• Task instructions
Your copy of the lines below must match them exactly and contain no images.

** Given material follows **

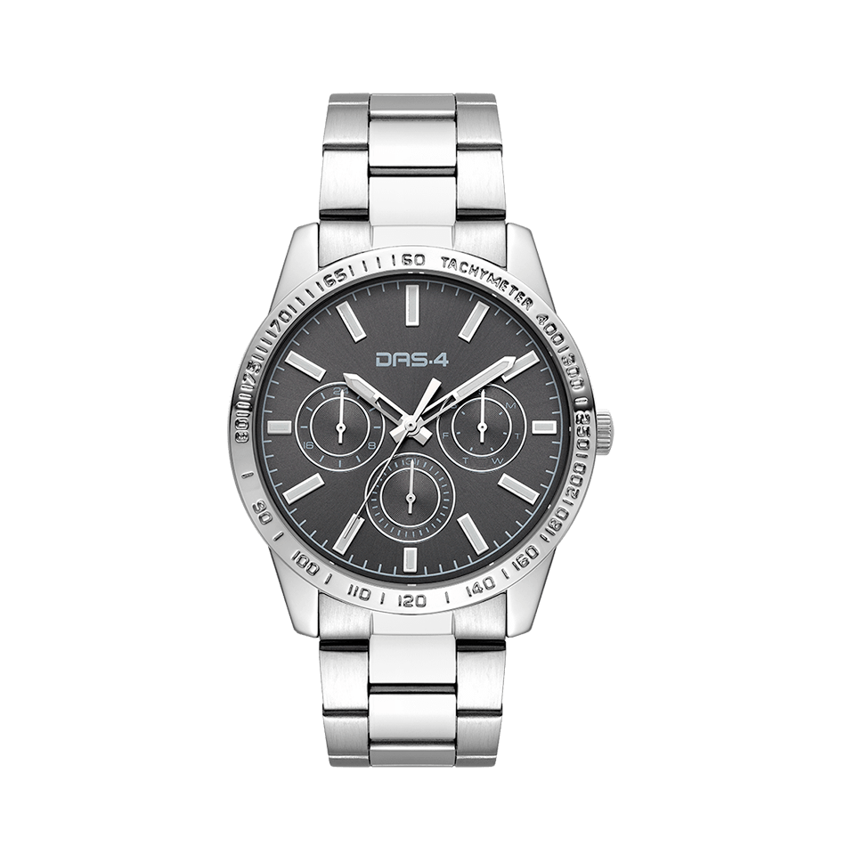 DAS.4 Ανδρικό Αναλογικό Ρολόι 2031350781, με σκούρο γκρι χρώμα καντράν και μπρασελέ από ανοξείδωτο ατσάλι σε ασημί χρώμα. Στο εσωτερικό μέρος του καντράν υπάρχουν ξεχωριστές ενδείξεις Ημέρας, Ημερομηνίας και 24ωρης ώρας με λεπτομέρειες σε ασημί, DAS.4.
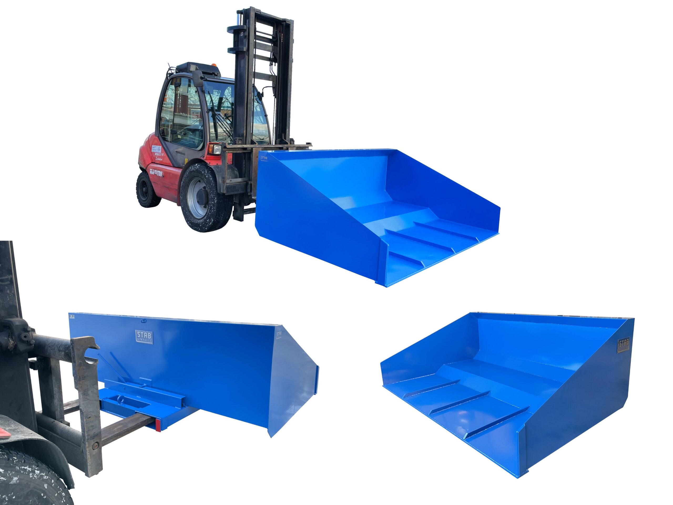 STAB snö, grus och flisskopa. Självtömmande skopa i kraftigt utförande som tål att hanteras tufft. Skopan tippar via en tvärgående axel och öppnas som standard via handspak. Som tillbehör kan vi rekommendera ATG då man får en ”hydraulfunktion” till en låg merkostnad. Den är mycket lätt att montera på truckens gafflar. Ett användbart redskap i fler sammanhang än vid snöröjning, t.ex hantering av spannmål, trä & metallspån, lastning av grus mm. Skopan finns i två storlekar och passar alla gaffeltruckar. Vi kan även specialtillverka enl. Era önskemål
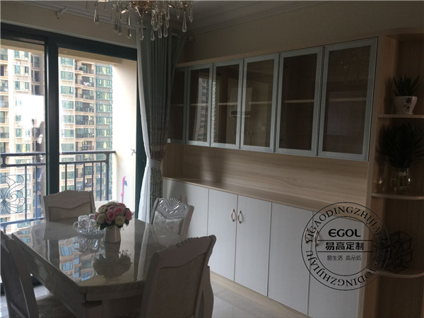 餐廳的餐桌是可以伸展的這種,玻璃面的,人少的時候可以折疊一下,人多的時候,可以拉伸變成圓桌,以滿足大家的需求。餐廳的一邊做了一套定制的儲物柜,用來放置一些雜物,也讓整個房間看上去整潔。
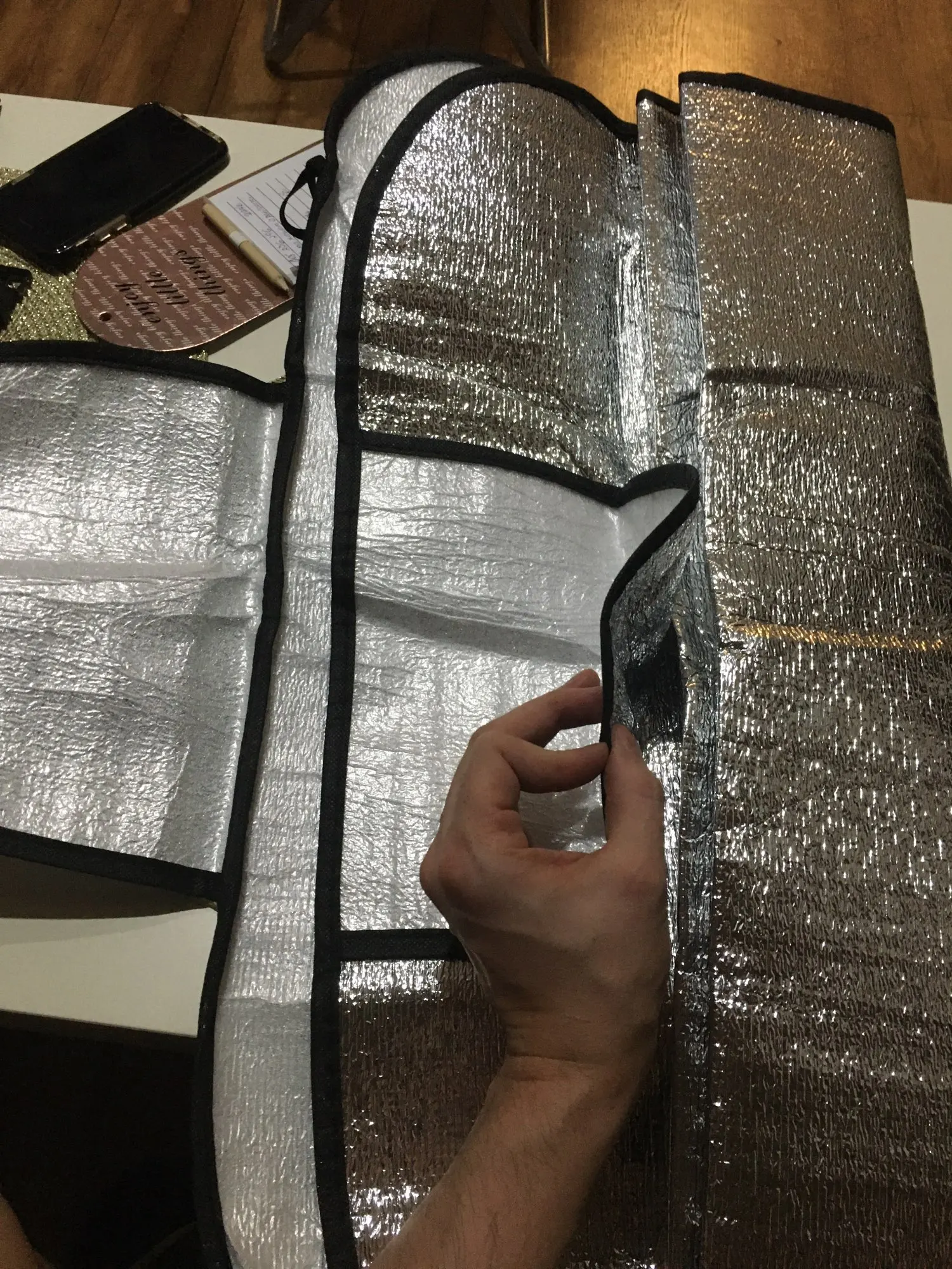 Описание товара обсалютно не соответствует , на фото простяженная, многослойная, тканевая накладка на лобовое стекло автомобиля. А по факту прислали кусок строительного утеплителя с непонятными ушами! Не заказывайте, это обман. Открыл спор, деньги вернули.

** End of Given material **

• Result of this task
 DAS.4 Ανδρικό Αναλογικό Ρολόι 2031350781, με σκούρο γκρι χρώμα καντράν και μπρασελέ από ανοξείδωτο ατσάλι σε ασημί χρώμα. Στο εσωτερικό μέρος του καντράν υπάρχουν ξεχωριστές ενδείξεις Ημέρας, Ημερομηνίας και 24ωρης ώρας με λεπτομέρειες σε ασημί, DAS.4.
 STAB snö, grus och flisskopa. Självtömmande skopa i kraftigt utförande som tål att hanteras tufft. Skopan tippar via en tvärgående axel och öppnas som standard via handspak. Som tillbehör kan vi rekommendera ATG då man får en ”hydraulfunktion” till en låg merkostnad. Den är mycket lätt att montera på truckens gafflar. Ett användbart redskap i fler sammanhang än vid snöröjning, t.ex hantering av spannmål, trä & metallspån, lastning av grus mm. Skopan finns i två storlekar och passar alla gaffeltruckar. Vi kan även specialtillverka enl. Era önskemål
 餐廳的餐桌是可以伸展的這種,玻璃面的,人少的時候可以折疊一下,人多的時候,可以拉伸變成圓桌,以滿足大家的需求。餐廳的一邊做了一套定制的儲物柜,用來放置一些雜物,也讓整個房間看上去整潔。
 Описание товара обсалютно не соответствует , на фото простяженная, многослойная, тканевая накладка на лобовое стекло автомобиля. А по факту прислали кусок строительного утеплителя с непонятными ушами! Не заказывайте, это обман. Открыл спор, деньги вернули.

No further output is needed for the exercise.